Selon le dernier bilan des autorités mozambicaines, Idai, qui a balayé la semaine dernière l'Afrique australe, a fait 417 morts au Mozambique, pays le plus touché.

Au Zimbabwe, 259 personnes ont été tuées et près de 200, dont 30 écoliers, sont toujours portées disparues.

Mais le bilan final sera "bien plus élevé" car "de nombreuses régions sont encore inaccessibles", a prévenu samedi la directrice générale de l'Unicef, Henrietta Fore.

"La situation va encore empirer avant de s'améliorer", a-t-elle mis en garde. "Les agences humanitaires commencent à peine à voir l'ampleur des dégâts. Des villages entiers sont été submergés, des immeubles rasés, des écoles et des centres de santé détruits", a-t-elle ajouté.

Les opérations de secours et d'acheminement de l'aide, avec hélicoptères, bateaux militaires, pneumatiques, de pêche, se poursuivaient samedi dans des conditions difficiles, compte tenu de l'effondrement de nombreuses routes et ponts.

"On n'a rien, les gens meurent comme des chèvres ou des poules. On n'a aucune aide. On meurt de faim", implore un habitant du district de Buzi (centre), l'un des plus touchés au Mozambique.

"Je suis en vie, mais j'ai tout perdu", témoigne Maria Maposa, évacuée en bateau de cette zone.

Samedi matin, une centaine de rescapés de Buzi sont arrivés au port de Beira, où ils ont reçu une soupe et des habits, a constaté un journaliste de l'AFP.

Nombre d'entre eux avaient besoin de soins après avoir été blessés par des tôles soulevées par des rafales de vent proches de 200 km/heure.

Au total, ce sont environ 2 millions de personnes qui sont affectées par le cyclone et ses inondations en Afrique australe.

- Risques de maladies -

"Il n'y a plus personne bloqué dans des arbres", a affirmé samedi Sebastian Stampa du Bureau de coordination des affaires humanitaires des Nations unies (Ocha).
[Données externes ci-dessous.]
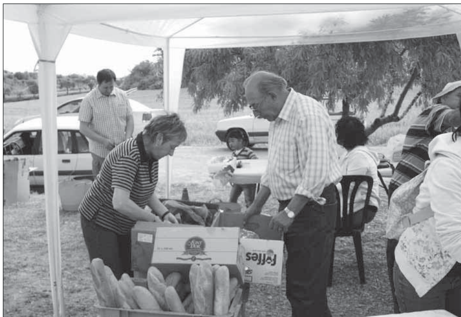
Els organitzadors diligents, procurant no falti res als "clients".
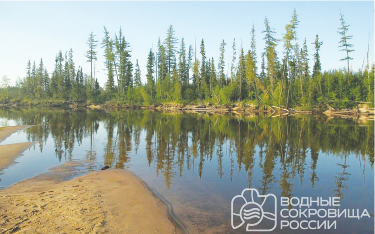
Одна из фотографий-победителей
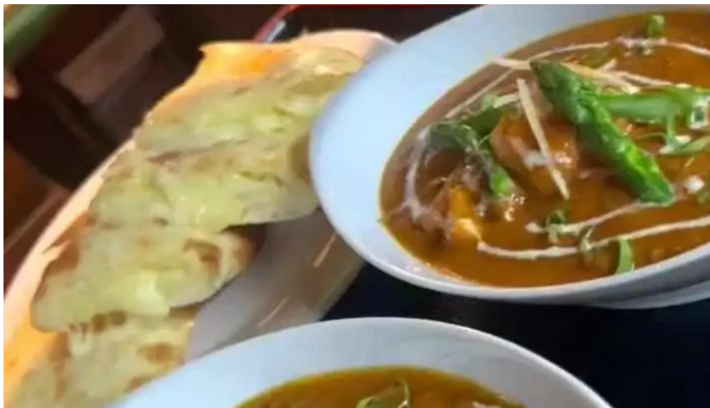
インド料理 yummy 動画
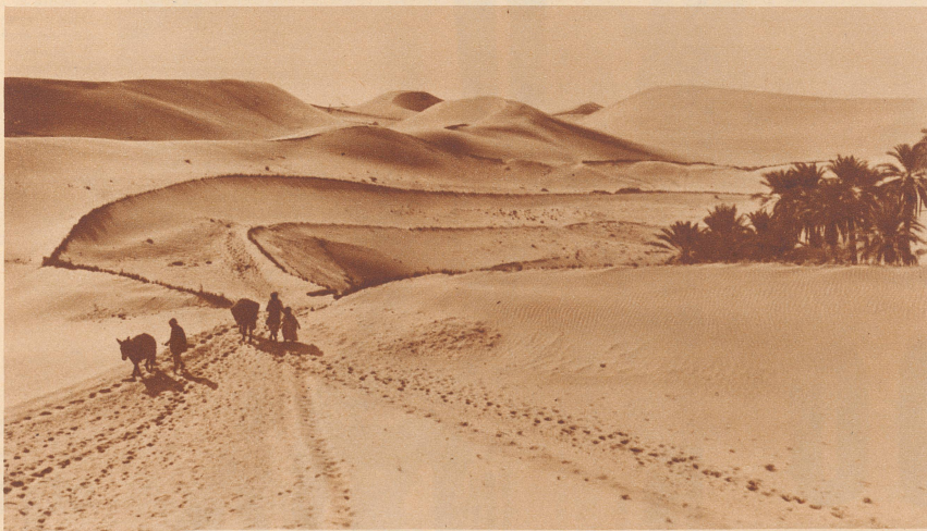
Mitten in der Wüste Sahara liegt eine Oase. Sie ist bedroht vom Sandmeer, das ständig in Bewegung ist. Es gibt Sanddünen, die im Tag mehr als einen Meter wandern. Um die Oase vor dem Versanden zu schützen, wird rund um sie herum ein fünfacher Ring von anspruchslosen Wüstensträuchern angepflanzt.

Meinung, im heißen Afrika müsse man doch überhaupt auf diese Vergnügen verzichten. Nun kommt einer, der hat es mit eigenen Augen gesehen und sogar photographiert, wie kleine Berberkinder, die auf einer Oase mitten in der Wüste Sahara wohnen, im Sommer vergnügt die Sanddünen hinunterschlitteln. Allerdings nicht wie bei uns auf richtigen Schlitten, sondern auf Palmblättern, und
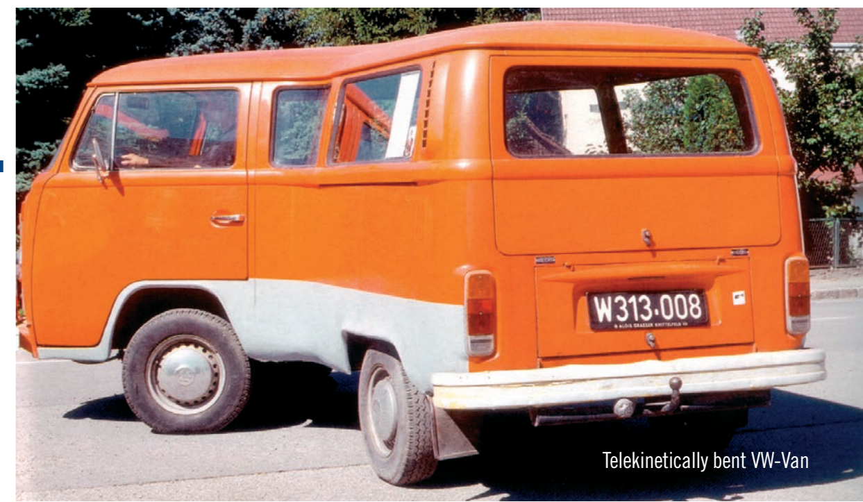
Telekinetically bent VW-Van
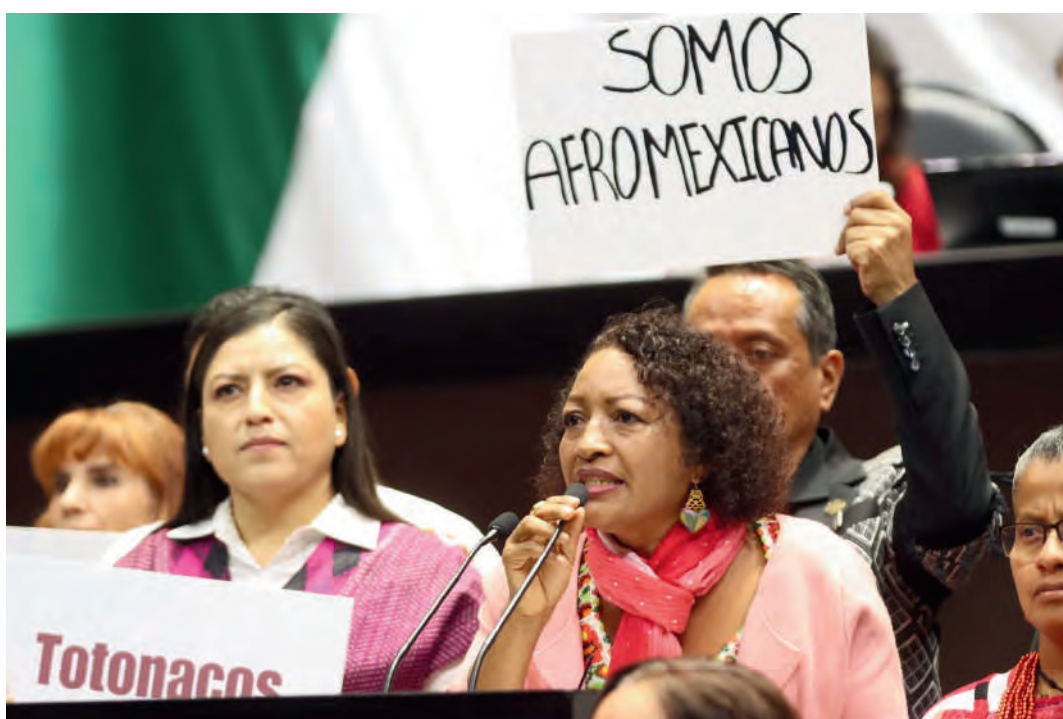
Uso de la tribuna 18/09/2024

Durante mi trabajo en la Honorable Cámara de Diputados, he tenido el honor, en diversas ocasiones, de poder hacer uso de la palabra desde la más alta tribuna, interviniendo en efemérides celebradas a nivel nacional, presentando reservas, fijando mi postura y respaldando las reformas presentadas durante las sesiones en el pleno de la Cámara de Diputados.

Mais "il y a encore des gens sur les toits" qui ont refusé d'être hélitreuillés, a-t-il ajouté, expliquant qu'ils survivaient en faisant sécher de la nourriture sur des tôles ou des toits-terrasses.

La décrue se poursuivait samedi. Mais Ocha a mis en garde contre de possibles nouvelles inondations en cas de fortes pluies.
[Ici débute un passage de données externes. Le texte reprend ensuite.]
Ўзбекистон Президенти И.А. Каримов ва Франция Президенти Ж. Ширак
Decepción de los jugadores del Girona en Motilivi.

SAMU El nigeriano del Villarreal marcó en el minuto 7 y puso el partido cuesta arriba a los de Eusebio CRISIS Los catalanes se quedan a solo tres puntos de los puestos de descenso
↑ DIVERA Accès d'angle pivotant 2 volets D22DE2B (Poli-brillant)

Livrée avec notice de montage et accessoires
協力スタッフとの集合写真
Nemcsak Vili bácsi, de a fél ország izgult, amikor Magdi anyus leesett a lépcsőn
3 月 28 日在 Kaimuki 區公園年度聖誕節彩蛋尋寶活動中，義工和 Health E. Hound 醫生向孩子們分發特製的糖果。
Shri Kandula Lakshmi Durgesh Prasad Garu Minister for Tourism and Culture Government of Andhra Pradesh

A Beira, ville d'un demi-million d'habitants, la population s'attelait à déblayer et reconstruire.

L'électricité était progressivement rétablie dans certains quartiers. L'hôpital a de nouveau été connecté au réseau, selon Celso Correia.

La principale route qui conduit à Beira devrait être accessible dimanche et la voie ferrée est de nouveau utilisable depuis vendredi, "ce qui signifie que l'aide peut arriver plus facilement", s'est-il réjoui.
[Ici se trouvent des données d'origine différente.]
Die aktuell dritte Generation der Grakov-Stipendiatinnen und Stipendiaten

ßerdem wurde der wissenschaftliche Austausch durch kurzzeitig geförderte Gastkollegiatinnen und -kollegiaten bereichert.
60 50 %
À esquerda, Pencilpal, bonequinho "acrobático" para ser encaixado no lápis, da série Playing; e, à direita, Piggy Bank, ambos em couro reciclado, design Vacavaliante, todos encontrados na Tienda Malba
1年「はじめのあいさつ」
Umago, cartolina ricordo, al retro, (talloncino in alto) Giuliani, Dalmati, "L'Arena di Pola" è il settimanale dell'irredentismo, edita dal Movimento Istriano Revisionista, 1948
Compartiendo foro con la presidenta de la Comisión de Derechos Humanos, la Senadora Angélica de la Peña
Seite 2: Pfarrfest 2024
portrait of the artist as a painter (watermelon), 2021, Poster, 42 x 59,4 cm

Des habitants ont commencé à reconstruire avec les moyens du bord des tôles gondolées emportées par le vent, des habitations de fortune.

Dans plusieurs écoles de la ville réquisitionnées, des milliers de rescapés s'entassaient, laissant craindre des épidémies.

"La promiscuité dans les centres d'hébergement, le manque d'hygiène, les eaux stagnantes et infectées posent des risques de maladies comme le choléra, le paludisme et les diarrhées", a prévenu l'Unicef.

Des informations contradictoires circulaient sur d'éventuels cas de choléra.

Le programme alimentaire mondial (Pam), qui distribue la nourriture, a déclenché son niveau d'urgence 3, équivalent aux crises au Yémen, en Syrie ou encore au Sud-Soudan.

"Des dizaines de milliers de personnes ont tout perdu. Avec l'étendue des dégâts qui se précise, le nombre de personnes dans le besoin augmente. On doit faire plus", a estimé le porte-parole du Pam, Herve Verhoosel.

Au Zimbabwe, les rescapés continuaient ce week-end à enterrer leurs morts, tandis que 120 corps ont été emportés par les eaux au Mozambique, selon Ocha.